Using the data below, transcribe exactly everything from the line that contains "Read moreDue to" down to the line that contains "Spanair A 320-232". Include both of those lines and none of the pictures.
--- Data extracts ---
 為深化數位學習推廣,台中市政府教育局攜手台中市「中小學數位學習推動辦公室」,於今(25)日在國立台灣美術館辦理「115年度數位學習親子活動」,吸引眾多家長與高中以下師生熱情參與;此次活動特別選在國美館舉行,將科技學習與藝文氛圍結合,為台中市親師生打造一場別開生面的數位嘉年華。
---
--- Data extracts ---
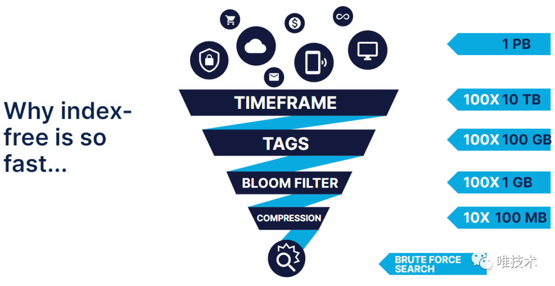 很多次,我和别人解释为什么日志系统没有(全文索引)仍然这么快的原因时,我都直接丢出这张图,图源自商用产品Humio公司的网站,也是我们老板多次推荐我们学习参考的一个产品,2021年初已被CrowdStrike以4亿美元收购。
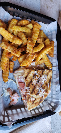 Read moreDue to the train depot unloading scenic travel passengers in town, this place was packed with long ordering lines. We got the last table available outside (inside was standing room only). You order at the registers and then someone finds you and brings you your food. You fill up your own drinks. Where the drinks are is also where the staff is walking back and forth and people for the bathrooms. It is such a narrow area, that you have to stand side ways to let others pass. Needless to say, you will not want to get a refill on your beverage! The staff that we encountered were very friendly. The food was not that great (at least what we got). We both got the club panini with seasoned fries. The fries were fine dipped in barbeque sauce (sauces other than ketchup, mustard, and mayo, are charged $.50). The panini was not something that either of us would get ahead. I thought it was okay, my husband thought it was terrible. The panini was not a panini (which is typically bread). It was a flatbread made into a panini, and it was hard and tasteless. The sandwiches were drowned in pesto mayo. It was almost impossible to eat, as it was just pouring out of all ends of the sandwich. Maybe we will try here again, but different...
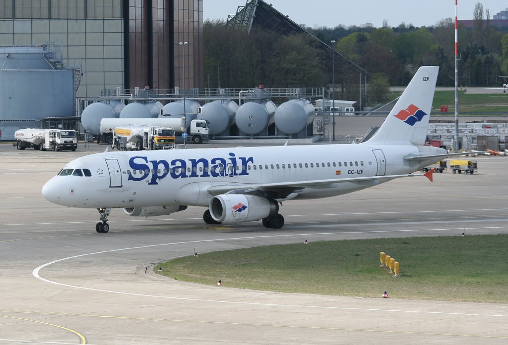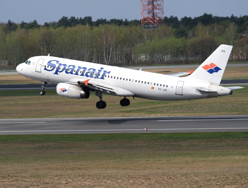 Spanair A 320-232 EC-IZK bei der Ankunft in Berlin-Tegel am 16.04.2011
---
» Exercise output:
 Read moreDue to the train depot unloading scenic travel passengers in town, this place was packed with long ordering lines. We got the last table available outside (inside was standing room only). You order at the registers and then someone finds you and brings you your food. You fill up your own drinks. Where the drinks are is also where the staff is walking back and forth and people for the bathrooms. It is such a narrow area, that you have to stand side ways to let others pass. Needless to say, you will not want to get a refill on your beverage! The staff that we encountered were very friendly. The food was not that great (at least what we got). We both got the club panini with seasoned fries. The fries were fine dipped in barbeque sauce (sauces other than ketchup, mustard, and mayo, are charged $.50). The panini was not something that either of us would get ahead. I thought it was okay, my husband thought it was terrible. The panini was not a panini (which is typically bread). It was a flatbread made into a panini, and it was hard and tasteless. The sandwiches were drowned in pesto mayo. It was almost impossible to eat, as it was just pouring out of all ends of the sandwich. Maybe we will try here again, but different...
 Spanair A 320-232 EC-IZK bei der Ankunft in Berlin-Tegel am 16.04.2011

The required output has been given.